[WORK TO BE COMPLETED]
Return verbatim all lines from the first one in the records to the line with "1899-1921 an unique", both ends kept.

(Items from a dataset)
# # # #

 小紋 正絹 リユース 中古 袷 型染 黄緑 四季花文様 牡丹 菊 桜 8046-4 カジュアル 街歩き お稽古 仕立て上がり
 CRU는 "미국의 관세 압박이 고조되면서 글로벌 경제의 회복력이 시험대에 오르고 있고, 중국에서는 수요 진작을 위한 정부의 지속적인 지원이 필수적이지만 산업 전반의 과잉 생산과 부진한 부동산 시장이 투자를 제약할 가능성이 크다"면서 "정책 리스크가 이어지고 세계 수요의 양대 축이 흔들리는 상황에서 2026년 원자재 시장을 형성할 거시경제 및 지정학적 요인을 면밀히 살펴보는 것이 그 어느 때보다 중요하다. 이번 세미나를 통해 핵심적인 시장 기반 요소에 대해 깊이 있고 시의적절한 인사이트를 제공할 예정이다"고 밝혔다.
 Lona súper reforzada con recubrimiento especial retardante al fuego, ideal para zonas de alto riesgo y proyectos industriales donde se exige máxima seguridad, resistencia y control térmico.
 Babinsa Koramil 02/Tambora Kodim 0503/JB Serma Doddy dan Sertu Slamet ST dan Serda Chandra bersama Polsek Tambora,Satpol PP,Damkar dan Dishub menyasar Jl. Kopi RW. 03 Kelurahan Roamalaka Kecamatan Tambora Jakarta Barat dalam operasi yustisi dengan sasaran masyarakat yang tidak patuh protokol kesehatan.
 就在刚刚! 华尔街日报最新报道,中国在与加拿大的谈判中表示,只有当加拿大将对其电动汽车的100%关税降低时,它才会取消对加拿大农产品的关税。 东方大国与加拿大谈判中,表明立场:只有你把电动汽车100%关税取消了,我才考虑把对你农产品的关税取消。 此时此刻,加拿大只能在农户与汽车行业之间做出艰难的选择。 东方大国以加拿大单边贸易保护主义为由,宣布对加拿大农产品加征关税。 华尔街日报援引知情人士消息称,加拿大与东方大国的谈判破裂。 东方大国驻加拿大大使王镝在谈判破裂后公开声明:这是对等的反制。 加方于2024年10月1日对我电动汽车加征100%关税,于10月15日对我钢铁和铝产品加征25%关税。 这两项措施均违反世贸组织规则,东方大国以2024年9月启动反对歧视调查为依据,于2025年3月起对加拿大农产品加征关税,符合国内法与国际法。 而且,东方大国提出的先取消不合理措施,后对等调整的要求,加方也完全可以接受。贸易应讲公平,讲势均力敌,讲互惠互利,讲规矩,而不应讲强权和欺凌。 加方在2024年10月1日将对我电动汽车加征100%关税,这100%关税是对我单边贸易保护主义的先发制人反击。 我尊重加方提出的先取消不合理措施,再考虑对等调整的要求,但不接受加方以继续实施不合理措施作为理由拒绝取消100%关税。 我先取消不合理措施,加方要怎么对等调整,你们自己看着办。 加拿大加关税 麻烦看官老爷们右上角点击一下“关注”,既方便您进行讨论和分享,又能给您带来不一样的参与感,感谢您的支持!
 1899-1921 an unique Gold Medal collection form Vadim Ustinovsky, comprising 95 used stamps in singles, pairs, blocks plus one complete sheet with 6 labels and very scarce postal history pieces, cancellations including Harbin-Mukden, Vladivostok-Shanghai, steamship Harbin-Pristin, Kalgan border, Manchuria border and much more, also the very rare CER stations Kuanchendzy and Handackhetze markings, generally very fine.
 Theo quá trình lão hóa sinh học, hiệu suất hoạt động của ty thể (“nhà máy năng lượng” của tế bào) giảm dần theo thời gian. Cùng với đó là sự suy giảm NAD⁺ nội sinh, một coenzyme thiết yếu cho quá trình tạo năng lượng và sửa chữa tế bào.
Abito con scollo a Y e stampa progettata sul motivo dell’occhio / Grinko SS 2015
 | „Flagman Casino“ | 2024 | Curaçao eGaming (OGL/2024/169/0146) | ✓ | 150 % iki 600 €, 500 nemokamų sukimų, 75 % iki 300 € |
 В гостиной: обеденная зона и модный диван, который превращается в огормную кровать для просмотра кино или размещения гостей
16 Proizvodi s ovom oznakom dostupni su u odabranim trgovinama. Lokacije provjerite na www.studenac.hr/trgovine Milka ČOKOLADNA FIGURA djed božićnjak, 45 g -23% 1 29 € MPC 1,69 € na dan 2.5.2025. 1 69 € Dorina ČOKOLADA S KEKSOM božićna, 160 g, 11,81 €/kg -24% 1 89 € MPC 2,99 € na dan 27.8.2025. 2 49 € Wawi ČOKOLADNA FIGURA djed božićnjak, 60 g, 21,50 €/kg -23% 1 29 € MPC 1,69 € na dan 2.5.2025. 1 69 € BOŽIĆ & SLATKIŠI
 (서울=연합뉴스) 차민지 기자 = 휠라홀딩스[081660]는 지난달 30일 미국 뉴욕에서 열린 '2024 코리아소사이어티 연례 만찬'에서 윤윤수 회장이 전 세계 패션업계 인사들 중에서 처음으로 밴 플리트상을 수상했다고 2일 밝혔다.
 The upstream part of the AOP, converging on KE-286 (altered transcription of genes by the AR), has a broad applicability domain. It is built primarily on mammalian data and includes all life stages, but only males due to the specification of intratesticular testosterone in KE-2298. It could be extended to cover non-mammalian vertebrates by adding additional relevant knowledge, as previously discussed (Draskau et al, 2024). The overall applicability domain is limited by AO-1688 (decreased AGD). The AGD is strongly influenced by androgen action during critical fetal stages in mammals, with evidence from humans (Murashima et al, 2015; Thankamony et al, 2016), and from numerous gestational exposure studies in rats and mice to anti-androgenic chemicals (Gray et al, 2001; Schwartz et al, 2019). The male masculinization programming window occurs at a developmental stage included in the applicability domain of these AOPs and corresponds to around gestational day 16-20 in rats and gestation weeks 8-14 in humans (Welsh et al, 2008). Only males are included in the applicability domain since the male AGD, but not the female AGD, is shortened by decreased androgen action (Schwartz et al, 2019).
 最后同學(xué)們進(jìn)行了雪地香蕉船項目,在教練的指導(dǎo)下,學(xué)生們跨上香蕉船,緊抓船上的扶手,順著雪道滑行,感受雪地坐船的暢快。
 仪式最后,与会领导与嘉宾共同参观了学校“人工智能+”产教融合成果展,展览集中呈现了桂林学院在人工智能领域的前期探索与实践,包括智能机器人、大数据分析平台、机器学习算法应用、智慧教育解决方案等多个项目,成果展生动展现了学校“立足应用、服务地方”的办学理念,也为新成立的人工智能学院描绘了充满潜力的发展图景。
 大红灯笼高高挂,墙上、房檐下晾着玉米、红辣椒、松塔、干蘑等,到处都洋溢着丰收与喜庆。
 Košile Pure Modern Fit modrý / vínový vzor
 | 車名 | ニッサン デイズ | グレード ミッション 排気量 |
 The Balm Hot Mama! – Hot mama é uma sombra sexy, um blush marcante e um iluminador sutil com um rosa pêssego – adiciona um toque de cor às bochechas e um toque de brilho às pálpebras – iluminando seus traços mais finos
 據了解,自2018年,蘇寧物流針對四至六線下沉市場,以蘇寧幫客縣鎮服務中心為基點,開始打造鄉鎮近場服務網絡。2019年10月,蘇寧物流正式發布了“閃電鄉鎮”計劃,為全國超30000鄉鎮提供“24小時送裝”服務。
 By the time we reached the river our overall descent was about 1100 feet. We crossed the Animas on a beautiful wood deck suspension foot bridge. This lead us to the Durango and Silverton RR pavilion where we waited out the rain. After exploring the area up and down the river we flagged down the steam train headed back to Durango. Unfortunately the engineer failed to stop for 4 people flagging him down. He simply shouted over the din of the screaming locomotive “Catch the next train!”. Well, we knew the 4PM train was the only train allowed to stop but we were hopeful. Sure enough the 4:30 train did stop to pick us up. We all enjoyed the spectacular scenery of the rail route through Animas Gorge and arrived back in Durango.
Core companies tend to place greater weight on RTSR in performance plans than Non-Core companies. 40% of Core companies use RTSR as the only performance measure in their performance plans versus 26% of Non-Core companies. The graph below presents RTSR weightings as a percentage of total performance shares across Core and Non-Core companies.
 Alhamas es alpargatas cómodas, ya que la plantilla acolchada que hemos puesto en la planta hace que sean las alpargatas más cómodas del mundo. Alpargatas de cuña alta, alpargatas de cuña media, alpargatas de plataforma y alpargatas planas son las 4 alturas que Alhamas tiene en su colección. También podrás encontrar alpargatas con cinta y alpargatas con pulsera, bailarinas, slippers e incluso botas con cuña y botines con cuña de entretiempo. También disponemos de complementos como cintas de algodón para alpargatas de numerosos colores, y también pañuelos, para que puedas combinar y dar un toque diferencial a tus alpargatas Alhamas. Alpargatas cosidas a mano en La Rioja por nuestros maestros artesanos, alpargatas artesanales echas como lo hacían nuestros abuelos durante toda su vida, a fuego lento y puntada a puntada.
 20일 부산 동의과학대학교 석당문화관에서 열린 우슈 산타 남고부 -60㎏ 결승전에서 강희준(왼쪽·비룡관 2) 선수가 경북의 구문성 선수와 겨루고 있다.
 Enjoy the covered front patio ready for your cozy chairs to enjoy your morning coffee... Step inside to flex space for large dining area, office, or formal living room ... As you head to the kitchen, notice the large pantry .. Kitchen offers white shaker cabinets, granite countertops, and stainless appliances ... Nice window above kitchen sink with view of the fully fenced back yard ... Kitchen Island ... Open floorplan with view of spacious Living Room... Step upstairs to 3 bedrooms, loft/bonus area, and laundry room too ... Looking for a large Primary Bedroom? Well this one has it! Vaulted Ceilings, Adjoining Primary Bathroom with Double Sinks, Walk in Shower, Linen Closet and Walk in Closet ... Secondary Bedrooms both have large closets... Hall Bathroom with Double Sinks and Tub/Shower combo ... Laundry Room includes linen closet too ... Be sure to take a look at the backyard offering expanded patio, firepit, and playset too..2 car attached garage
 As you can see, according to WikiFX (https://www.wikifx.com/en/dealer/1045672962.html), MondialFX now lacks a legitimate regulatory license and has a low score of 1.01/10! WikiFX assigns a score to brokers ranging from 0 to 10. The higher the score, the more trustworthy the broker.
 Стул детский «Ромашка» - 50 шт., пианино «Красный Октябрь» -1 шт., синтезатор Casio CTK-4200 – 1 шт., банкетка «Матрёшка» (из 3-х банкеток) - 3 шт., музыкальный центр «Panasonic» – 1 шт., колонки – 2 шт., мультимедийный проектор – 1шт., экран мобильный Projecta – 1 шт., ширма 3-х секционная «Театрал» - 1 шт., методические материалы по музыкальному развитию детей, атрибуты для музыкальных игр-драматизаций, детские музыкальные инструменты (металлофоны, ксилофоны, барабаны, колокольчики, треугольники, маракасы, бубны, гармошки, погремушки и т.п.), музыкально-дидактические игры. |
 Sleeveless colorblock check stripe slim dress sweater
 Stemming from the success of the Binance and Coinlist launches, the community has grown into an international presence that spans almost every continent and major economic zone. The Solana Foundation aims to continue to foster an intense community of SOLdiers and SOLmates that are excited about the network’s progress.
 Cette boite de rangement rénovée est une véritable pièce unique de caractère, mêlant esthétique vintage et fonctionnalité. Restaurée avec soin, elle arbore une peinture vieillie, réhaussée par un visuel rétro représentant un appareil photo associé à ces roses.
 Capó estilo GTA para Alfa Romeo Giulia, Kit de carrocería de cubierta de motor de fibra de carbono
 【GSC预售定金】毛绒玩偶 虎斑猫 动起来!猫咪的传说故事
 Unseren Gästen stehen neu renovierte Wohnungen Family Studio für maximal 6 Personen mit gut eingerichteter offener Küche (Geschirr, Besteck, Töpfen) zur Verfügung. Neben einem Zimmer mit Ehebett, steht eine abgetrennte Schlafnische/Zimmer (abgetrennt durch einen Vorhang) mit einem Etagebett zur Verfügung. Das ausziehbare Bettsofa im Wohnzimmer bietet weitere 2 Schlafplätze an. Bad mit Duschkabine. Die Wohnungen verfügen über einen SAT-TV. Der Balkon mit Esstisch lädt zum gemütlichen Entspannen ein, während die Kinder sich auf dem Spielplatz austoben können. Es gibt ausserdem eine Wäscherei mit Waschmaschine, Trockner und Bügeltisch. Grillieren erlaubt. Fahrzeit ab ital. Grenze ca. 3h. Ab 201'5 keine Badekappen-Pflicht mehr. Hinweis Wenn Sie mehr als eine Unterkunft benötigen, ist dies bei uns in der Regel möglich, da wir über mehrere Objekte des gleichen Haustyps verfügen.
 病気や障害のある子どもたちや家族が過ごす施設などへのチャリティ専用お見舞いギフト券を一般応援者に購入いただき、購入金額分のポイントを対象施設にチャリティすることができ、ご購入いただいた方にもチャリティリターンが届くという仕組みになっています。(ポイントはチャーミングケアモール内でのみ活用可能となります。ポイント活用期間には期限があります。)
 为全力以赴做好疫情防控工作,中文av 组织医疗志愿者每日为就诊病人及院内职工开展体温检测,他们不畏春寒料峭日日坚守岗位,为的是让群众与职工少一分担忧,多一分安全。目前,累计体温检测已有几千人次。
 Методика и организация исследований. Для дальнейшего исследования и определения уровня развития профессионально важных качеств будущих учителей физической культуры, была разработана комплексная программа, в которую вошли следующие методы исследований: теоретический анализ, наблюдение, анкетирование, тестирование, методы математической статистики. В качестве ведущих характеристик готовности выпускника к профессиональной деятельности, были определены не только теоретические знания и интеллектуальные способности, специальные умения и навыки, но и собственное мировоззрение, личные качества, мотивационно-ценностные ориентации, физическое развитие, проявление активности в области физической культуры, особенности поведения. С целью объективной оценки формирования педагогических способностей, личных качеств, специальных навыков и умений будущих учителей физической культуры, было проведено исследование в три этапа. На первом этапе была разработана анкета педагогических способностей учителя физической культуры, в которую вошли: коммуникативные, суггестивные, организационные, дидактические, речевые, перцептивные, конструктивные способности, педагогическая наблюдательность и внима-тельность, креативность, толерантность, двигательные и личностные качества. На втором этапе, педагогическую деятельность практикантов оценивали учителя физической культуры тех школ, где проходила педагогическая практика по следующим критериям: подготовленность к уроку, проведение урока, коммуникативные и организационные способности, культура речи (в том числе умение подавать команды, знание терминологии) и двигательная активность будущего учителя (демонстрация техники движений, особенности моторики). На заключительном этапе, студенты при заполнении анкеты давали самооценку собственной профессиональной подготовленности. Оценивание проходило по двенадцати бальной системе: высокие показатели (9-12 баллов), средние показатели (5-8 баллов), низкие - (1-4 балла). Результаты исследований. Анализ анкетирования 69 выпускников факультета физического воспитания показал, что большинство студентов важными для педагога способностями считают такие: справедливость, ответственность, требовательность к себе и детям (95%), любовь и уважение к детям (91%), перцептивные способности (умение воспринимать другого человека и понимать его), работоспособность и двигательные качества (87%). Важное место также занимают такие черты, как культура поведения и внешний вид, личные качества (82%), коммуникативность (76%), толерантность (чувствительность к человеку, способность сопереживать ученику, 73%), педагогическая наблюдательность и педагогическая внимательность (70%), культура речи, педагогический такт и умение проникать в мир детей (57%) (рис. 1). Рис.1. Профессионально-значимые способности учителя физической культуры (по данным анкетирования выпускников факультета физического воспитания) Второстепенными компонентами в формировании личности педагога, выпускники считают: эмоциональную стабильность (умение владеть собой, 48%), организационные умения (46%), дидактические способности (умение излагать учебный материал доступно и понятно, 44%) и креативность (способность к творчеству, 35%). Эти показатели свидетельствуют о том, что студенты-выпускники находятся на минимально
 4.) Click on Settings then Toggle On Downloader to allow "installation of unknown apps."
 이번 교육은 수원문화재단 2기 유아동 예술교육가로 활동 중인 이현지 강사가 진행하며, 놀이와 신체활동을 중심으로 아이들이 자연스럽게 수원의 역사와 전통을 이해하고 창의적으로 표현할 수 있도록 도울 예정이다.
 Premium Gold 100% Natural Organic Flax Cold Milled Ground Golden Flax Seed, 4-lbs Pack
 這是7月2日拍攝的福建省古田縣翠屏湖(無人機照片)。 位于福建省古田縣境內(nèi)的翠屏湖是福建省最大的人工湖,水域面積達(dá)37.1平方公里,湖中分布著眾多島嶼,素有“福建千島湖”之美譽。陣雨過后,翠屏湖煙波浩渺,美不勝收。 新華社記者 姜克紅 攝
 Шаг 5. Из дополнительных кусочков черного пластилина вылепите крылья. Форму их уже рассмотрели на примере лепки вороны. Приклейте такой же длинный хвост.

# # # #

[SOLUTION]
 小紋 正絹 リユース 中古 袷 型染 黄緑 四季花文様 牡丹 菊 桜 8046-4 カジュアル 街歩き お稽古 仕立て上がり
 CRU는 "미국의 관세 압박이 고조되면서 글로벌 경제의 회복력이 시험대에 오르고 있고, 중국에서는 수요 진작을 위한 정부의 지속적인 지원이 필수적이지만 산업 전반의 과잉 생산과 부진한 부동산 시장이 투자를 제약할 가능성이 크다"면서 "정책 리스크가 이어지고 세계 수요의 양대 축이 흔들리는 상황에서 2026년 원자재 시장을 형성할 거시경제 및 지정학적 요인을 면밀히 살펴보는 것이 그 어느 때보다 중요하다. 이번 세미나를 통해 핵심적인 시장 기반 요소에 대해 깊이 있고 시의적절한 인사이트를 제공할 예정이다"고 밝혔다.
 Lona súper reforzada con recubrimiento especial retardante al fuego, ideal para zonas de alto riesgo y proyectos industriales donde se exige máxima seguridad, resistencia y control térmico.
 Babinsa Koramil 02/Tambora Kodim 0503/JB Serma Doddy dan Sertu Slamet ST dan Serda Chandra bersama Polsek Tambora,Satpol PP,Damkar dan Dishub menyasar Jl. Kopi RW. 03 Kelurahan Roamalaka Kecamatan Tambora Jakarta Barat dalam operasi yustisi dengan sasaran masyarakat yang tidak patuh protokol kesehatan.
 就在刚刚! 华尔街日报最新报道,中国在与加拿大的谈判中表示,只有当加拿大将对其电动汽车的100%关税降低时,它才会取消对加拿大农产品的关税。 东方大国与加拿大谈判中,表明立场:只有你把电动汽车100%关税取消了,我才考虑把对你农产品的关税取消。 此时此刻,加拿大只能在农户与汽车行业之间做出艰难的选择。 东方大国以加拿大单边贸易保护主义为由,宣布对加拿大农产品加征关税。 华尔街日报援引知情人士消息称,加拿大与东方大国的谈判破裂。 东方大国驻加拿大大使王镝在谈判破裂后公开声明:这是对等的反制。 加方于2024年10月1日对我电动汽车加征100%关税,于10月15日对我钢铁和铝产品加征25%关税。 这两项措施均违反世贸组织规则,东方大国以2024年9月启动反对歧视调查为依据,于2025年3月起对加拿大农产品加征关税,符合国内法与国际法。 而且,东方大国提出的先取消不合理措施,后对等调整的要求,加方也完全可以接受。贸易应讲公平,讲势均力敌,讲互惠互利,讲规矩,而不应讲强权和欺凌。 加方在2024年10月1日将对我电动汽车加征100%关税,这100%关税是对我单边贸易保护主义的先发制人反击。 我尊重加方提出的先取消不合理措施,再考虑对等调整的要求,但不接受加方以继续实施不合理措施作为理由拒绝取消100%关税。 我先取消不合理措施,加方要怎么对等调整,你们自己看着办。 加拿大加关税 麻烦看官老爷们右上角点击一下“关注”,既方便您进行讨论和分享,又能给您带来不一样的参与感,感谢您的支持!
 1899-1921 an unique Gold Medal collection form Vadim Ustinovsky, comprising 95 used stamps in singles, pairs, blocks plus one complete sheet with 6 labels and very scarce postal history pieces, cancellations including Harbin-Mukden, Vladivostok-Shanghai, steamship Harbin-Pristin, Kalgan border, Manchuria border and much more, also the very rare CER stations Kuanchendzy and Handackhetze markings, generally very fine.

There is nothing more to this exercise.